Israel’s Minister of Culture, Miri Regev, has been trying
desperately to censor Israeli films and filmmakers. Her latest attempt included heavy criticism
of Samuel Maoz’s new award-winning film, Foxtrot, which she admits she hasn’t
seen! Due to the controversy over the
film, I decided to go see it right away, in order to show support for it and
also to see it before it is removed from Israeli screens.
Foxtrot is a serious, strangely compelling and fascinating
film, well-worth seeing! And just today we heard the news that the film is the winner of the Silver Lion award at the Venice Film Festival!
The film is about bereavement, military service, the humiliation
imposed on Palestinians at the checkpoints, the boredom and tension that the
young soldiers who man the checkpoints have to deal with, and how the
occupation is eating away at our soul. Foxtrot
portrays a family tragedy in a society in which tragedy is so randomly
distributed among the population, as we see in the opening sequence.
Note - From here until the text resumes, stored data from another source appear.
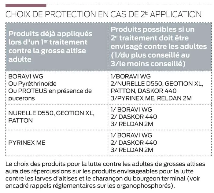 Si une deuxième protection est nécessaire, selon la première application, le tableau ci-contre indique les solutions possibles contre les adultes : du plus conseillé vers le moins conseillé dans un cadre de résistance des altises d’hiver. Si la solution Boravi WG est disponible, il faut l’utiliser préférentiellement, avec 2 applications possibles par campagne en respectant un intervalle de 7 jours, à une dose de 1 kg/ha, sans oublier d’y ajouter un acidifiant.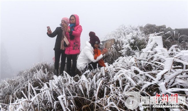 12月17日,福建省長汀縣天井山迎來首場霧凇,吸引不少游客前來觀賞。根據(jù)天氣預(yù)報顯示,未來的一周,長汀縣最低氣溫低至零下2攝氏度,部分高海拔地區(qū)將出現(xiàn)凍雨現(xiàn)象。(張平 攝)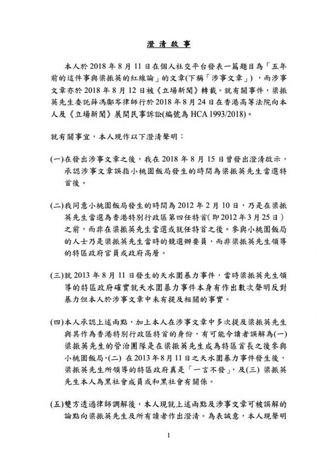 钟剑华今早在社交网贴出“澄清启事”,指涉事文章引述的时间和人物等基本事实有误,有可能令读者误解“梁振英本人为黑社会成员或和黑社会有关系”,并声明会将涉事文章撤回,保证不会以任何方式于任何平台再次发表,同时向梁振英支付10万港元和解金。梁振英的代表律师确认收到钟剑华的和解金,以及另外一笔讼费赔偿。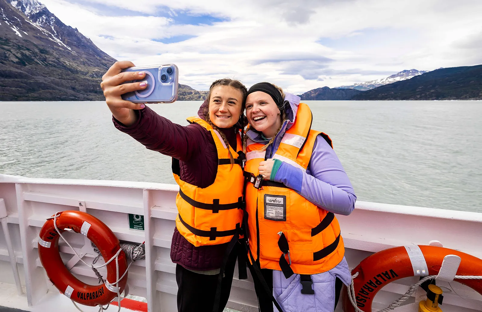 Photo of students enjoying their experiential learning trip visiting the Glacier at Lago Grey.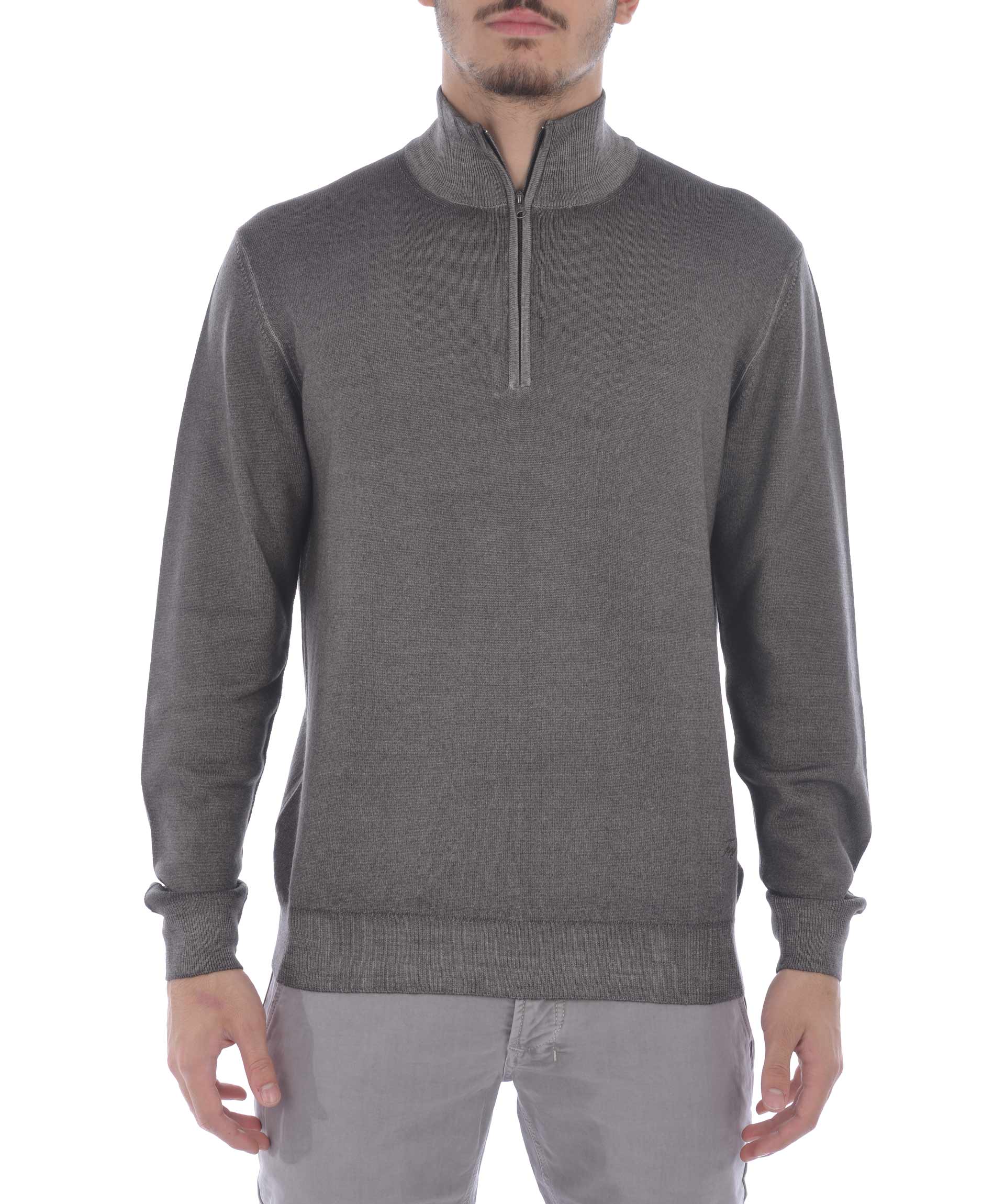 Lupetto Fay in lana rasata Tortora. Mezzo collo con chiusura zip. Manica lunga. Polsi e fondo a costine. Logo frontale ricamato. Misura in foto 48 100% lana vergine

Michael Feldman is an architect (played by Lior Ashkenazi) married
to a wonderful wife, with two great kids, a beautiful apartment, and a bit of a
chip on his shoulder. His son, Yonatan,
is serving in a small unit (whose call name on the military radio is “foxtrot”)
somewhere on the moonscape of the West Bank where they are manning a lonely and
somewhat surrealistic checkpoint.
The film is filled with metaphors and symbols. For example, the unit’s pre-fab hut is
crookedly falling into the mire of the lunar terrain, something that one of the
soldiers is measuring every night, desperately worried that one day they will
all disappear into the muck. For a long
time, a camel has symbolized the majestic yet lumbering and lazy Middle Eastern
Arab – here it ultimately brings about our undoing. And the enormous bulldozer,
which everyone associates with one of the major tools of the occupation since
it is used to destroy Palestinian homes, is the instrument of a major military
cover-up of tragic events at a checkpoint. The film also offers a Holocaust allegory which highlights the terrible feelings of survivor's guilt in the second generation (the generation of the soldier's father). And the foxtrot itself -- you dance around and around but always return to the same spot.
This is not an easy film to watch.
It is hard-hitting and stylized, using a lot of shots from above, a perspective which
makes the viewer stand back and take note.
But it is also brilliant in many ways, using the cinematic medium to
portray and criticize, something that the filmmaker should be credited for and
not censored! In a democratic society, this type of film which looks critically
at our contemporary reality is important for raising public awareness and
potentially bringing about political change.
Foxtrot is the story of a society that is exhausted
from bereavement -- smoking
marijuana or simply engaging in denial are some of the major ways of coping,
according to this filmmaker. It is a brilliant and provocative film which offers a shocking and effective cinematic criticism of the military establishment.
Samuel Maoz previously directed the prize-winning film, Lebanon,
about a tank unit during the early
days of the War in Lebanon in 1982 and is based on Maoz's own combat
experiences during that war (previously reviewed on this blog).
Foxtrot is available from The Match Factory and Sony.